Impact of Locally Adapting the Superpixel Regularity. Including variance inside the SSLIC algorithm allows to automatically adapt the regularity coefficient to highly textured supervoxel s and high-intensity supervoxels without manually adapting m. This makes the supervoxels more homogeneous as well as more compact, resulting in a better final clustering accuracy as shown in the Fig. 2. Blue and red squares in Fig. 2 F and H (\(Multi\_SSLIC_{Merged}\) and \(Multi\_SSLIC_{Var\_Merged}\)), show the influence of using the local regularity coefficient on the compactness of the merged supervoxels. The resulting supervoxels are more compact and differ from their neighbors. We can see in the red square of Fig. 2 H that supervoxels have been correctly computed with more compactness and have been merged into a bigger supervoxel. Furthermore, from the quantitative results in Table 1, we can see that the local adaptive regularity coefficient \(*_{Var}\) improves the results in terms of accuracy (ASA) and GS for the methods applied in both monomodal and multimodal settings (excepts for \(Multi\_SSLIC\) and \(Multi\_SSLIC_{Var}\)). The variance of the supervoxel is an important factor to take into account in the segmentation algorithm. The MI is almost the same for both \(Multi\_SSLIC_{Merged}\) and \(Multi\_SSLIC_{Var\_Merged}\) demonstrating the robustness of the merging step to variance’s disparity across supervoxels.
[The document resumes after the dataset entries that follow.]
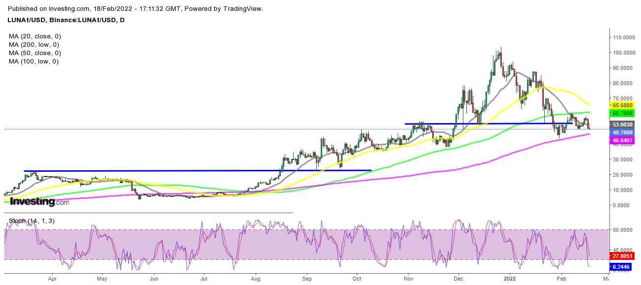 Terra LUNA ging von einem Hoch von 106 $ auf 43 $ zurück, was bedeutet, dass er rund 60 % seines Wertes verlor. Aber seit das starke rückläufige Momentum im Januar endete, sieht AVAX stärker aus als die LUNA coin. Es feierte in den vergangenen Wochen ein starkes Comeback, stieg von 53 $ auf 96 $ und verdoppelte seinen Wert fast, während LUNA es kaum auf 60 $ schaffte und nun wieder auf die Tiefststände zusteuert.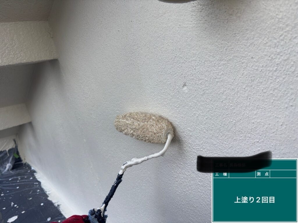 上塗りを2回塗ることで耐久性・美観性があがり、艶も綺麗で強い外壁に仕上がります✨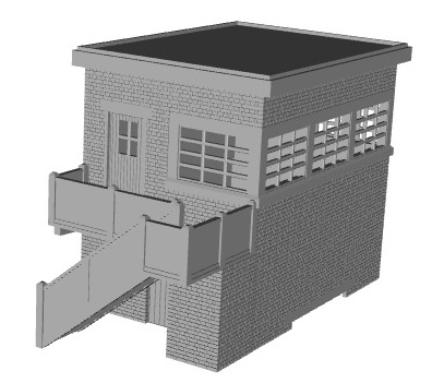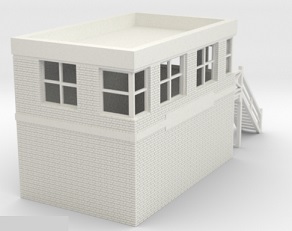 LMS ARP Signal Box Given the importance of signal boxes to the running of a railway, it was deemed important at the start of WW2 to build new and relacement signal boxes which could withstand some bombing. Concrete and brick would be the main material used, and the LMS even replaced wood with metal for windows. Most new signal boxes were big, some very big,but smaller ones could be found and the last LMS ARP type was installed as late as 1949 at Town Green station near to Ormskirk. This one is a small, 3 window sized signal box, which is ideal for small stations and yards. Available with either a brick staircase or an open one with concrete side panels, either as a left or right hander. |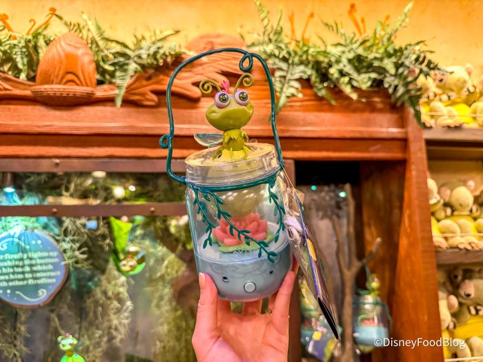 Of course, one of the most exciting parts of getting a new Disney World ride is all the new merchandise that shows up with it. We got to take a peek at all the merchandise that would soon make its way to Magic Kingdom, but one souvenir in particular caught our eye. We got to take a look at this new toy over at Critter Co-Op — one of the merchandise shops located near Tiana’s Bayou Adventure.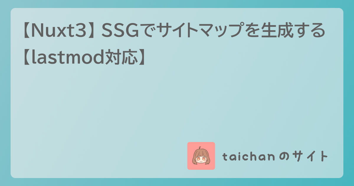 【Nuxt3】SSGでサイトマップを生成する【lastmod対応】Nuxt3とContentプラグインを使っている環境でlastmodを含めたサイトマップをSSGで生成する方法を解説しています。タグ: 雑記技術NuxtSSGSEO2024年8月2日

Performance of the Merging Algorithm. In the monomodal setting, in a modality where tumor tissues are not distinct, merging similar neighboring supervoxels reduces the tumor boundary accuracy. For example, in Fig. 1 H, supervoxels computed independently on the T1CE modality are not accurately merged since this modality highlights only the active tumor while other tumor tissues are not visible. This results in a poor ASA score for T1CE, therefore penalizing the final average ASA score. As such, computing the average ASA across modalities highlights the lack of the multimodal discriminant power (making use of visible tumors parts in all modalities). The merging approach applied in the multimodal setting is capable of reducing the number of supervoxels by a factor of 35 (column “Supervoxel count” in Table 1) and decreasing the redundancy (MI) by 0.21% in average compared to the initial oversegmentation). The texture homogeneity inside the merged supervoxels has been kept which demonstrates that our algorithm merges similar supervoxels. It is also interesting to note the wVar obtained on the results of applying \(Mono\_SSLIC\) or \(Mono\_SSLIC_{Merged}\) is approximately similar. This can be explained by the fact that the clustering was initially correct for the \(Mono\_SSLIC\) step without merging.

5 Conclusion

In this work, we proposed a novel approach of merging supervoxels in a multimodal setting towards brain tumor classification. We showed that our methods applied on multimodal images are capable of exploiting the complementarity between different modalities producing very accurate clusters compared to traditional monomodal approaches. Our approach \(Multi\_SSLIC_{Var\_Merged}\) improved the clustering accuracy by \(5.2\%\) for the ASA Score and \(25\%\) for the GS. The redundancy of supervoxels is also reduced by a factor of 35, decreasing the computational time, and making the resulting oversegmentation more suitable to be combined with a neural network classifier. Several open questions remain to be tackled in a future work. First, one drawback of the proposed approach is its dependency on prior registration of multiple modalities. Bipartite Graph Matching [21] seems to be an efficient way to alleviate this constraint. Moreover, taking into account radiomics and deep features in the computation of the supervoxels could also improve the adherence of initial over-segmentation or merged supervoxels to contrasted tissues, therefore resulting in more homogeneous final clustering.